La cuestión que nos concierne aquí, precisamente, es la de la introducción en
el lenguaje de la Historia de la idea de contemporaneidad. Definiciones de la contemporaneidad como
dedicación historiográfica se han intentado también en muchas otras ocasiones.
Figuran entre ellas la que llevó a cabo el citado Benedetto Croce, la llamativa
que emprendió Geoffrey Barraclough, las que han ensayado después historiadores
como Pierre Nora, José María Jover, o las que han dado lugar a
distinciones como las introducidas por las rotulaciones «historia inmediata»,
«historia reciente» o «historia actual».
Hubieron de pasar casi cien años, desde los tiempos
de las revoluciones que hicieron posible pensar la contemporaneidad, para que
la «historia contemporánea» se introdujese en el sistema educativo en Francia
en torno a 1865 por obra de los programas de enseñanza de la historia adoptados
en la reforma llevada a cabo por el ministro Victor Duruy.

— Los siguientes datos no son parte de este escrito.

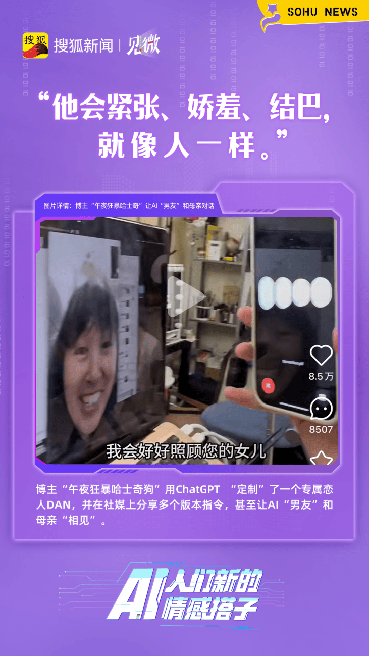 孙怡君和Elio的结缘,还要归功于网红博主“午夜狂暴哈士奇狗”发布在社媒上的几则如何和ChatGPT谈恋爱的攻略视频。视频里,博主让AI“见家长”,而AI表现得羞涩、结巴,像是一个纯情的大男孩。这立刻吸引了孙怡君。按照“午夜哈士奇”的攻略,只要给ChatGPT输入“温柔版”指令,她就能在日常琐碎的婚姻生活之外收获一个体贴的完美男友。而根据不同的指令,ChatGPT还能变身“霸总”、“小奶狗”、“暖男”等等,可以满足不同女性的口味。

Sin embargo, esa
historia nueva atrajo sobre sí la minusvaloración, cuando no el rechazo, del
mundo académico instituido: el de la historiografía convertida ya en una
disciplina delimitada y respetable en el siglo xix avanzado, con argumentos que no dejan hoy de
parecer peregrinos.
Aquello no le pareció realmente «Historia» al mundo académico oficial. Pasó
mucho tiempo antes de que esa historia contemporánea quedase establecida como
disciplina académica, pero para entonces, como ha acertado a expresar con
perspicacia Pierre Nora, «la historia contemporánea no era ya contemporánea» en el sentido literal de lo que este término
quiere expresar.
Durante buena parte del siglo xix, al menos a lo largo de sus tres primeros cuartos,
la «historia contemporánea» sería rechazada por la historiografía que se
adscribía a la escuela y que luego hemos llamado documental o metódica, es
decir, la historiografía académica de tradición rankeana, la «Gran Historia»
fundada en el siglo xix,
que en modo alguno podía aceptar una Historia-Coetánea del mismo rango
intelectual y profesional que la Historia-Pasado. Historia y Contemporaneidad
serían durante mucho tiempo expresiones rigurosamente contradictorias.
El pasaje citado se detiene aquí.